There are FFT architectures, which can handle multiple independent data streams. However, all the data streams are processed by a single FFT processor. Four independent data streams are processed one by one. Similarly, eight data streams are processed at two domains. Thus, the outputs of multiple data streams are not available in parallel. In order to simultaneously process the data streams, more than one FFT processors need to be employed. In [3], one to four data streams are processed using multiple data paths for wireless local area network application. Data of different data streams are interleaved to process them simultaneously. Nevertheless, the architectures do not have any specific bit reversal circuit. Certain circuits are proposed to reorder the bit reversed FFT output into normal order. The bit reversal circuits are proposed for different radices. A similar structure is proposed for variable length FFT, whose register
complexity is $N$. These circuits are suitable for bit reversing the data from the pipelined FFT architecture. However, only the bit reversal structures are proposed. The bit reversal circuit is integrated to FFT architecture; as a result, the total register requirement of the design is reduced from $5 N / 2$ to $2 N$. Two-, four-, and eight-parallel pipelined radix- $2^{k}$ decimation in frequency (DIF) feed forward FFT architectures are proposed and they need extra $N$ registers to generate the output in natural order. Moreover, these two-, four-, and eight-parallel FFT architectures can start its operation only when $x(n+N / 2), x$ $(n+3 N / 4)$, and $x(n+7 N / 8)$ samples arrive, respectively. Therefore,hardware is underutilized and additional registers are required to store the first $N / 2,3 N / 4$, and $7 N / 8$ samples. Modified MDC FFT architectures with a new data scheduling method and a rearranging structure are proposed in which the drawbacks of [10] are eliminated. The architectures operated at the frequency of incoming sample rate but the architecture operates half the clock frequency to generate the same Thus, the throughput of the architecture is doubled, if all the architectures are operated at the same speed. Similarly, a combined single path delay commutator SDF FFT architecture with I/O in natural order is proposed in which the bit reversal is carried out only with $N / 2$ registers. However, its throughput is low and the required number of register is high. Low complexity FFT architectures are proposed but these architectures can process only real-valued signals (signals only with real part). Moreover, they generate two outputs per clock cycle and these outputs are not in natural order. Thus, most of the recent architectures require bit reversal structures to generate the outputs in natural order.The proposed architecture is designed to process two independent data streams simultaneously with less amount of hardware. The odd inputs, which are in natural order, are first bit reversed and then they are processed by N/2-
point decimation in time (DIT) FFT. The even samples are directly processed by $N / 2$-point DIF FFT, so its outputs are in bit reversed order. Therefore, the outputs of N/2point DIF FFT are bit reversed. The outputs of the two $N / 2$-point FFTs are further processed by the two-parallel butterflies to generate the outputs of $N$-point FFT in natural order. The bit reversing is carried out by thescheduling registers, which are actually used to delay the samples for performing the butterfly operations. Thus, the FFT architecture does not use any dedicated circuit to bit reverse the data. As a result, the proposed architecture requires less number of registers than the prior FFT designs.
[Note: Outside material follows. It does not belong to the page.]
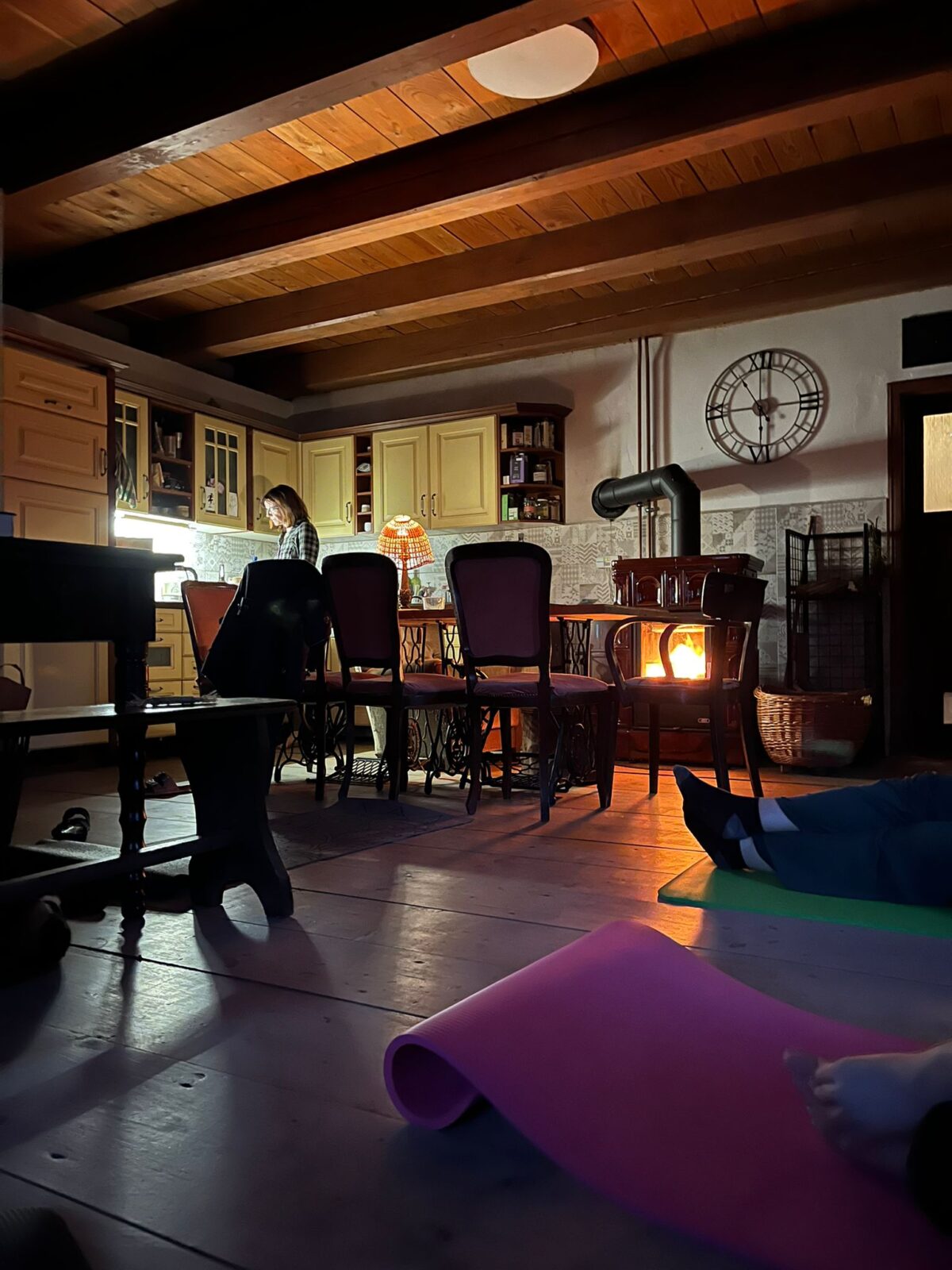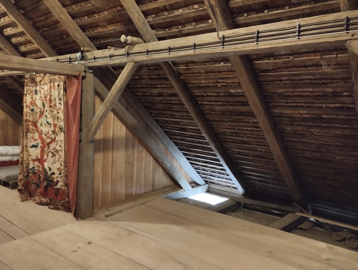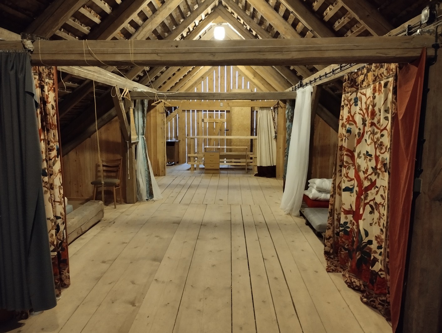 Letní půda funguje od roku 2023. Vejde se na ni kolem deseti lidí. Jsou zde dvě postele a několik pohodlných matrací. V rohu je pracovní kout u stolu s výhledem. Na půdě je nová elektrika a zásuvky. Na jaře a na podzim zde také cvičíme jógu.
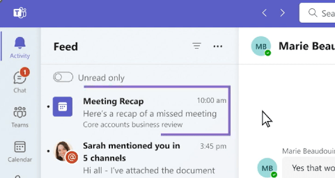 - Recording with markers such as you were mentioned, something was shared, PowerPoint Live slides and moments of joining / exiting the meeting (in case you joined it only partially)

## II. PROPOSED PIPELINED FFT ARCHITECTURE

The idea of computing an $N$-point FFT using two $N / 2$ point FFT operations with additional one stage of butterfly operations is


Fig. 1. Idea of the proposed method.
shown in Fig. 1, which is not the exact architecture but provides the methodology. The reordering blocks in Fig. 1 are merely present to state that the $N / 2$ odd samples $(x / 2 n+$ 1)) are reordered before the $N / 2$-point DIT FFT operation and $N / 2$ even samples $(x(2 n))$ are reordered after the $N / 2$ point DIF FFT operation. In order to compute the $N$-point DIT FFT from the outputs of two $N / 2$-point FFTs, additional one stage of butterfly operations are performed
on the results of the two FFTs. Thus, the outputs generated by additional butterfly stage are in natural order.For the purpose of simplicity, the proposed 16 -point FFT architecture in Fig. 2 is explained. It has two eight-point MDC FFT architectures to process two data streams. The delay commutator units present at the left side of $\mathrm{SW}_{1}$ dissociate the odd and even samples. The shift registers in the delay commutator units, which receive inputs, are used to bit reverse the odd input samples. These shift registers are called reordering shift registers (RSRs). The RSR in the last stage store outputs from the eight-point DIF FFT and bit reverses them. The BF2 carries out two-parallel butterfly operations between the bit reversed data in the RSR in the last stage and outputs from the eight-point DIT FFT. Thus, the upper and lower BF2 in the last stage generate the FFT outputs of the first and the second data streams in normal order. The two data paths from $\mathrm{SW}_{2}$ are combined together, so the word length of the data path in last stage is twice and so thick lines are used for representing the data paths and registers.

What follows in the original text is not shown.